CAMPAIGNERS who threatened to boycott a key meeting over a plan for Wrexham to co-operate more closely with its English neighbours have decided they will go along after all.

Members of the People’s Council for North Wales (PCNW) spent six months gathering more than 15,000 signatures for their petition demanding the region’s withdrawal from the West Cheshire/North East Wales Sub-Regional Strategy.

Already supported by a number of local councils including Wrexham, the strategy calls for closer cross-border ties with Cheshire on major planning and economic issues.

But PCNW is bitterly opposed to the strategy, branding it “ill thought-out, extremely damaging and subversive”.

The petition organised by the group is now being considered by the Assembly’s petitions committee whose members will meet in public at Glyndwr University next Monday morning to discuss it.

PCNW at first welcomed the chance to have a proper say on the plan.

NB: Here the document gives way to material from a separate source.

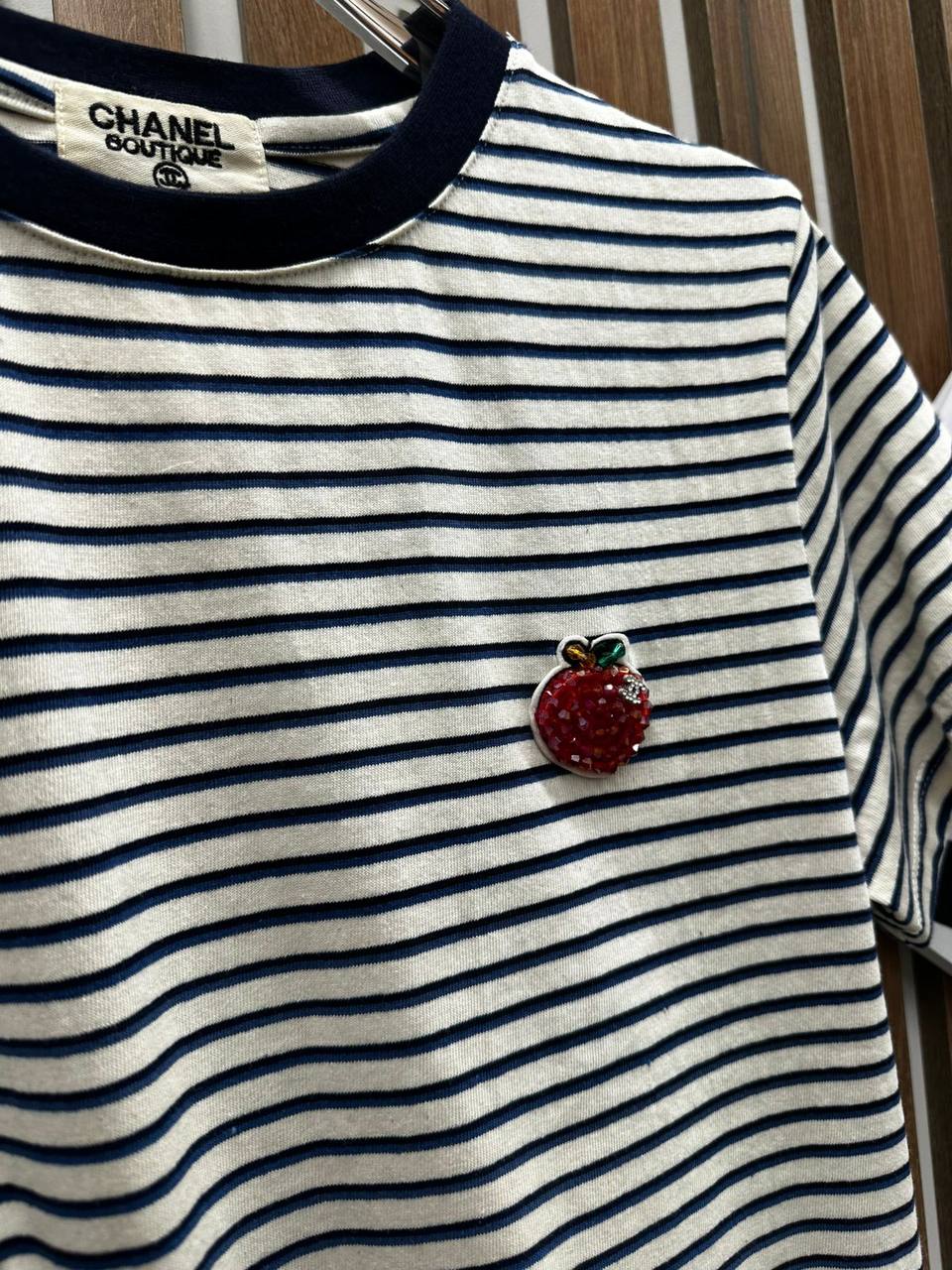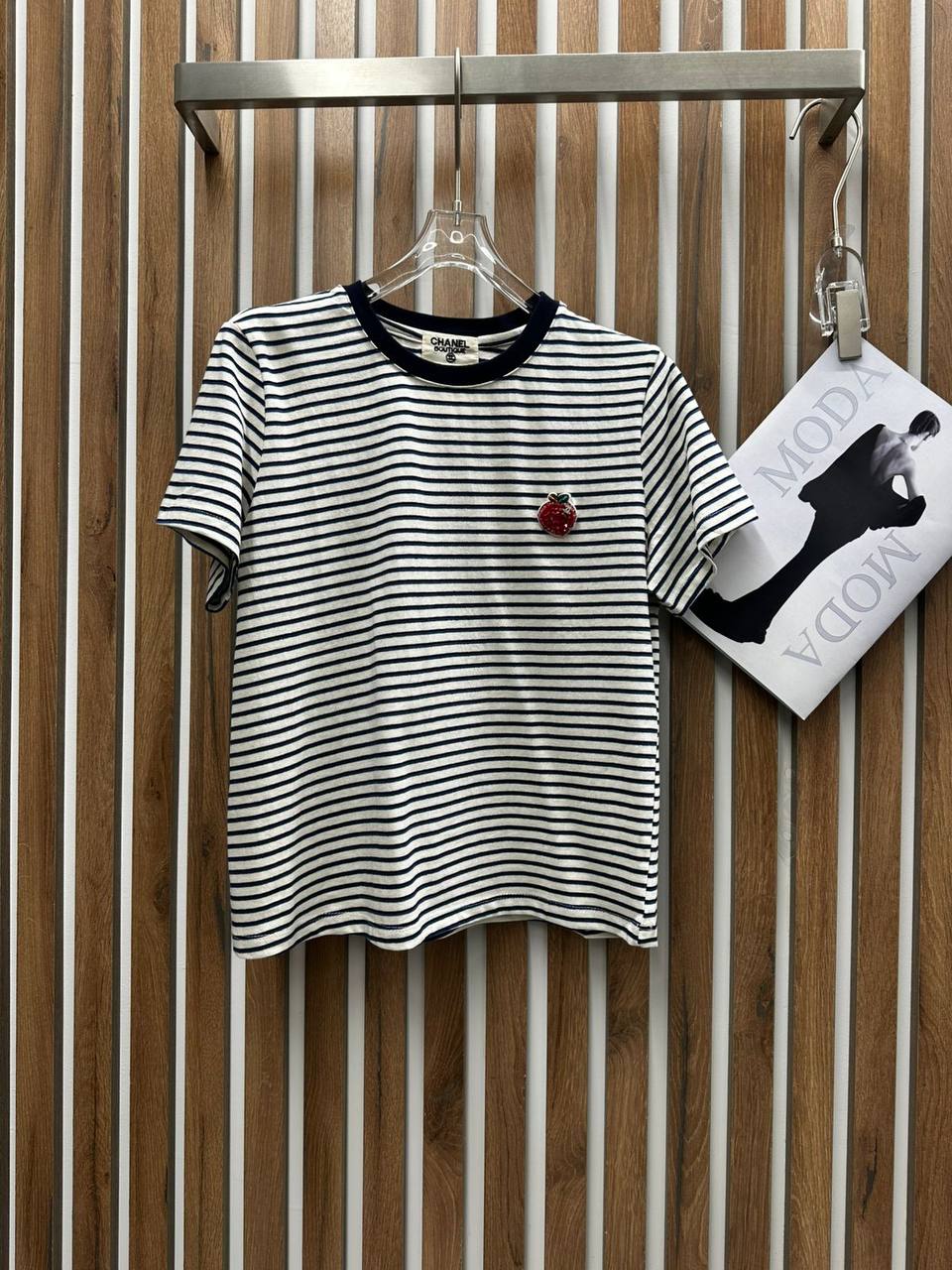 Представлена стильная футболка Chanel LUX-120648 в полоску, выполненная в классическом морском стиле. Идеальный вариант для создания непринужденных и модных образов.

But the group then learned that evidence will also be taken from the Mersey Dee Alliance, the grouping which supports the plan.

Earlier this week, PCNW leader Pol Wong said members were so angry about this they were considering boycotting the meeting in protest.

But at their own meeting on Tuesday night, PCNW members voted to attend the meeting after all.

Mr Wong said: “The fact that North East Wales is intent on building at least 20,000 houses aimed at attracting inward migration from Cheshire and Merseyside without any concerns about the increased pressure on our quality of life in North Wales is incredible.”

The committee’s session begins at 9.30am on Monday in the university’s Catrin Finch Centre, with members of the public invited to attend.